All the world’s a stage and all the men and women merely players. William Shakespeare was onto something. Even when it comes to life’s most serious decisions, everyone chooses to play a role and inhabit a persona.
With his unprovoked assault on Ukraine, Russian President Vladimir Putin is playing the role of an unpredictable macho dictator. To counter this charade, his opponents should diagnose his tendencies, psychological weaknesses, and favored strategies. They must also discern the logic of the game that he is playing and then beat him at it.

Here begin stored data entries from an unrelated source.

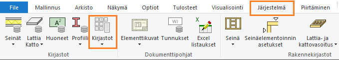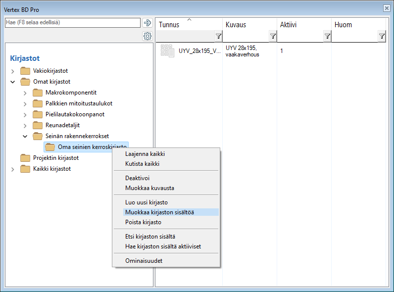 Jos omaa asiakaskohtaista kerroskirjastoa ei vielä ole olemassa, valitse kirjastoselaimessa Vakiokirjastot / Seinien rakennekerrokset / Seinien rakennekerroskirjasto. Valitse jokin kerros oikeanpuoleisessa selainruudussa, ja hiiren oikealla avautuvasta valikosta Kopioi uuteen omaan kirjastoon. Anna kirjaston kuvaus.
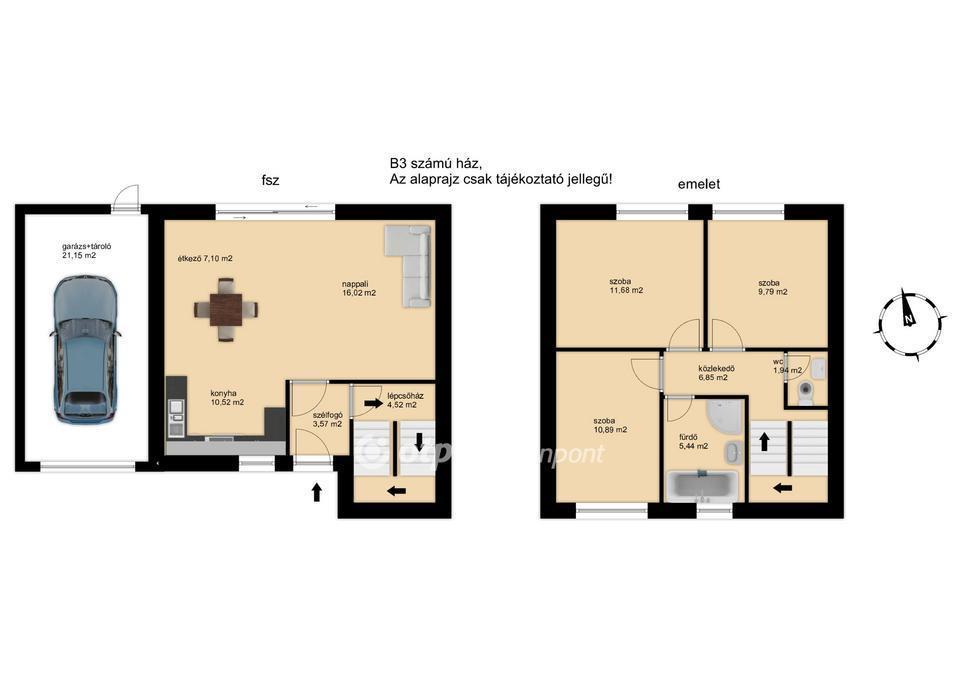 Eladóvá vált a látványterven B3 jelzéssel szereplő, egyedi tervezésű, kétszintes sorházi lakás. A 89,75 m2-es, korszerű és energiatakarékos otthon kényelmes életteret, saját kertet és felszíni parkolót kínál leendő tulajdonosának.
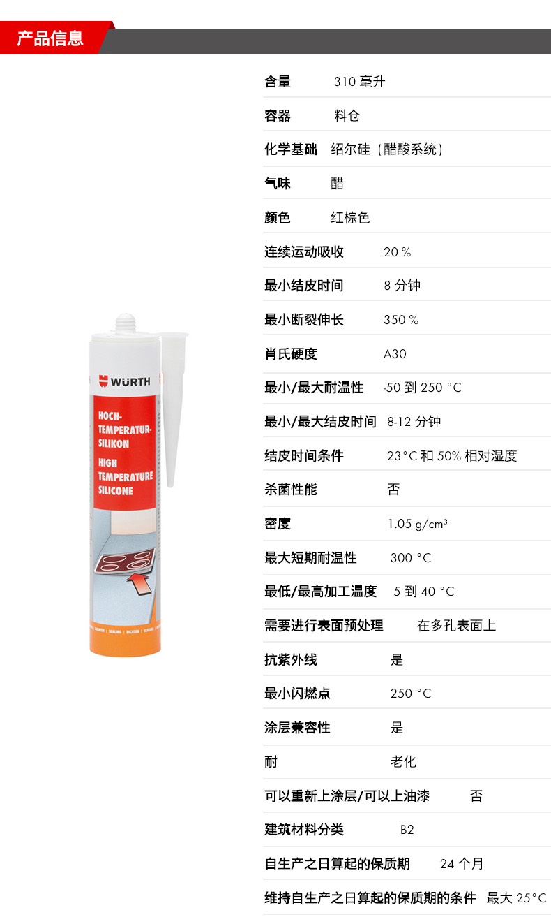 WURTH/伍尔特的硅酮密封胶伍尔特高温硅胶,0892330,红棕色,310ML/支
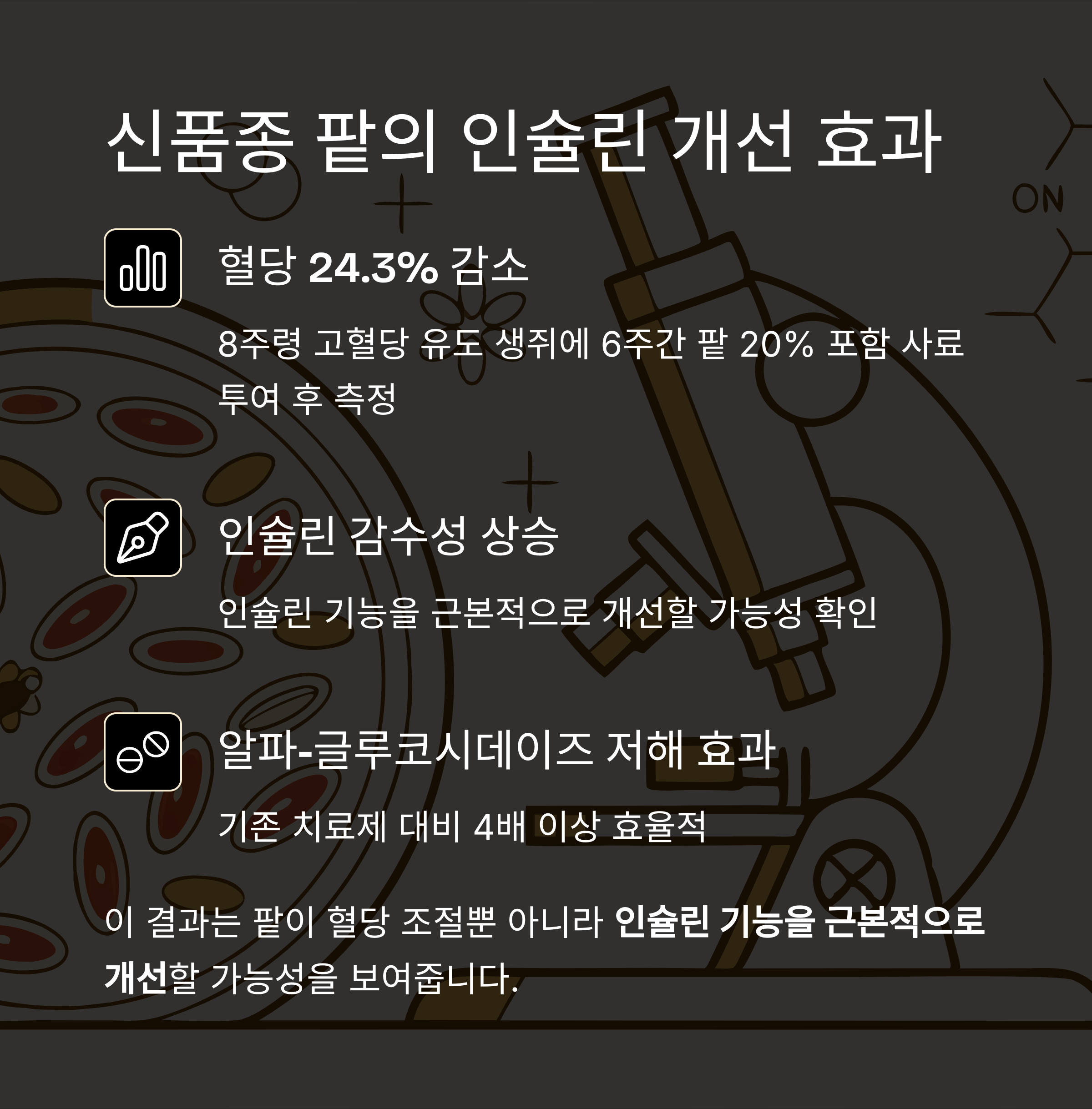 이 결과는 팥이 혈당 조절뿐 아니라 인슐린 기능을 근본적으로 개선할 가능성을 보여줍니다

Given Putin’s undeserved reputation as a master strategist and his genuine expertise in judo, some analysts have employed the metaphors of chess or martial arts. Yet there is a better analogy. Given my experiences in the world of high-stakes gambling, I view the current confrontation between the West and Russia as a game of televised poker.

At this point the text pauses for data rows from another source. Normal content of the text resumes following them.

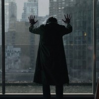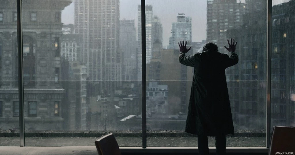 a trench coat or cloak, looking out of an office window. It seems to be
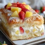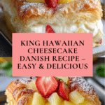 This Irresistible King Hawaiian Cheesecake Danish combines soft, sweet King Hawaiian rolls with a creamy cheesecake filling, topped with crushed pineapple and fresh strawberries. Finished with a smooth vanilla glaze, this delightful dessert is perfect for breakfast, brunch, or any special occasion.
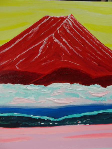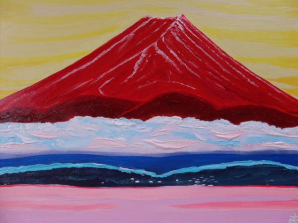 ≪国美協≫TOMOYUKI・友之、『赤富士・富士山』、油彩画・P15号:65,2×50cm、油絵一点物、新品高級油彩額付、直筆サイン・真作保証付
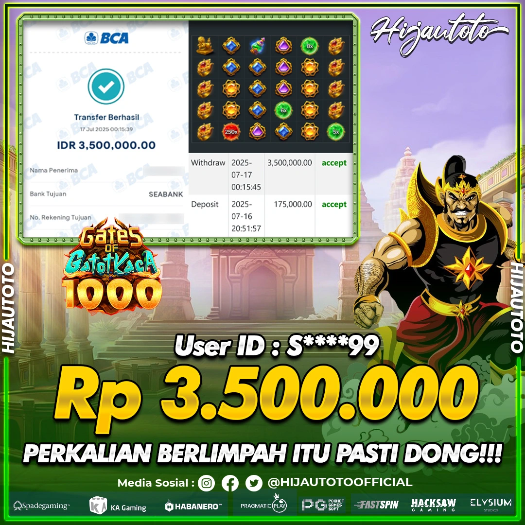 Selamat Kepada Member HIJAUTOTO S*****9 Telah Jackpot Di SLOT GATES OF GATOTKACA 1000
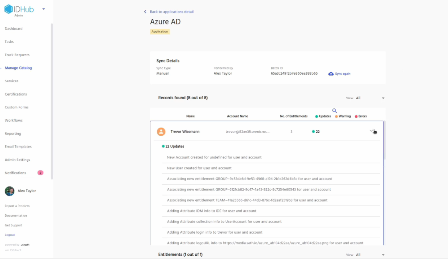 Click on the view link in one of the logs. You will be redirected to the details of the log where you can see the users or entitlements that have been synced.
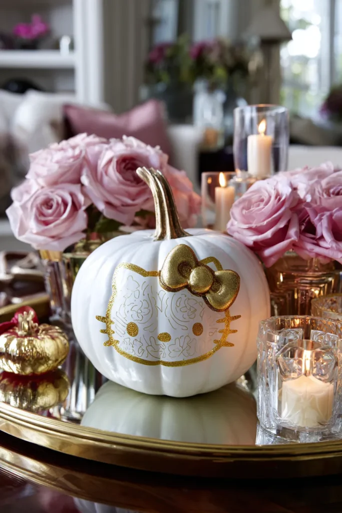 A crisp white pumpkin is decorated with a golden Hello Kitty outline, complete with a shiny metallic bow. Surrounded by blush roses and glowing candles, it has an upscale and refined look.
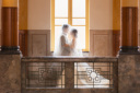 新婦様がお召しになっているお衣装は、レース生地の特別な打掛。当社オリジナルのお衣装です!
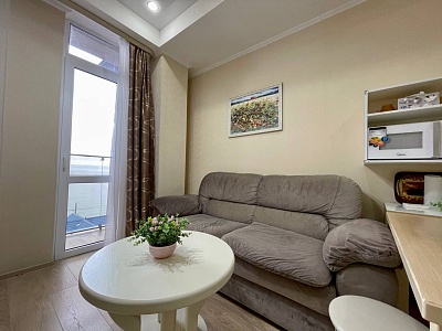 Отдельный плюс квартиры – открытая терраса с невероятно красивым видом на город и морскую акваторию. Похвастаться таким великолепием может далеко не каждый владелец элитного курортного жилья.
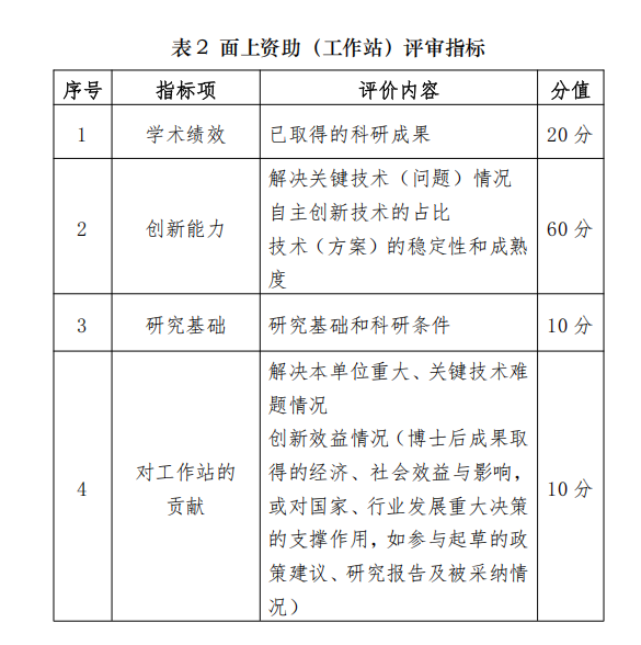 2026年中国博士后基金面上资助(工作站)评审指标
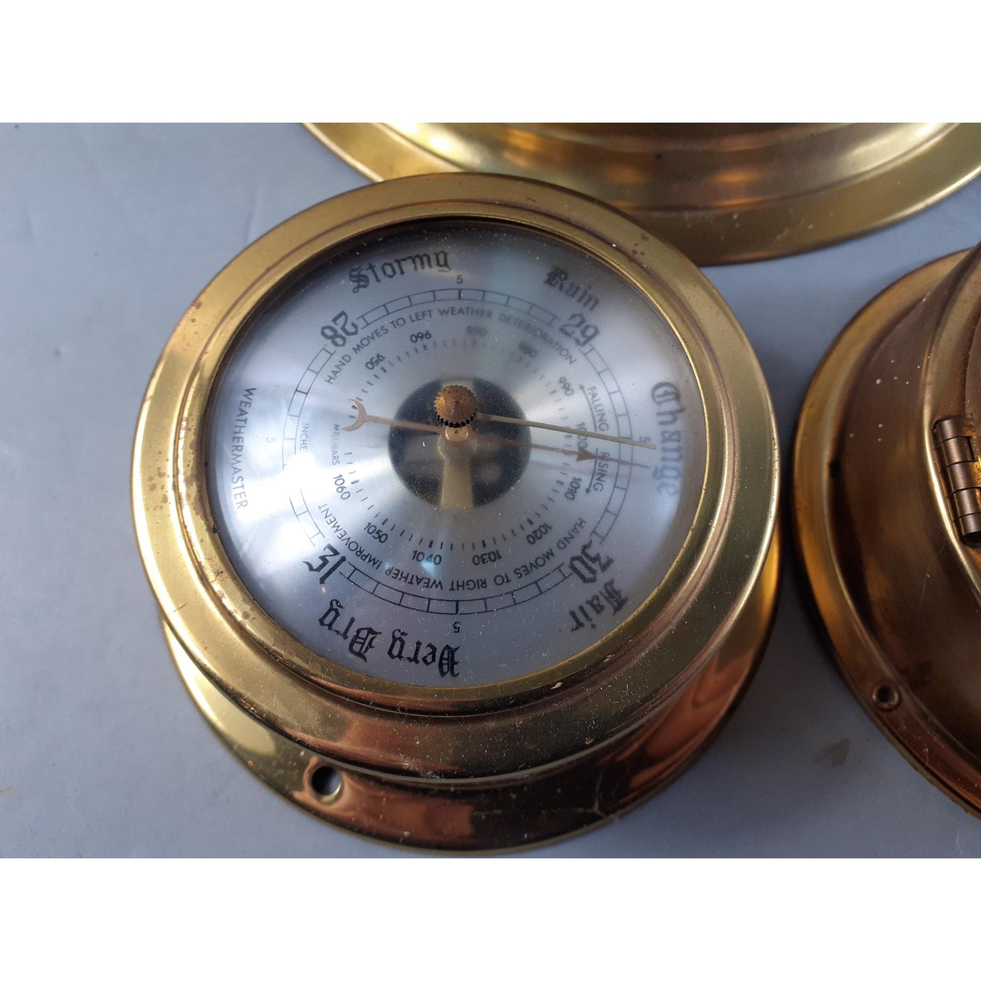 A large brass winding clock (face diameter 20cm), key supplied. Plus one other similar Actim modern clock and a modern Weathermaster plus a GOLIATH pocket with with broken winder

Poker, like martial arts and war, favors calculated aggression. Only by keeping your opponent(s) off balance can you provoke their misplays. Furthermore, Putin’s machismo leads him to underestimate his adversaries and show off for domestic and international consumption. Unsurprisingly, his favorite tactic is unprovoked aggression—in other words, the bluff. He got away with it in Georgia in 2008, Syria from 2012 onward, in annexing Crimea in 2014, and in meddling in the U.S. and British elections of 2016.
Yet last month, he was caught completely off guard when the West finally called his biggest raise ever. As boxer Mike Tyson said, “Everybody has a plan until they get punched in the face.”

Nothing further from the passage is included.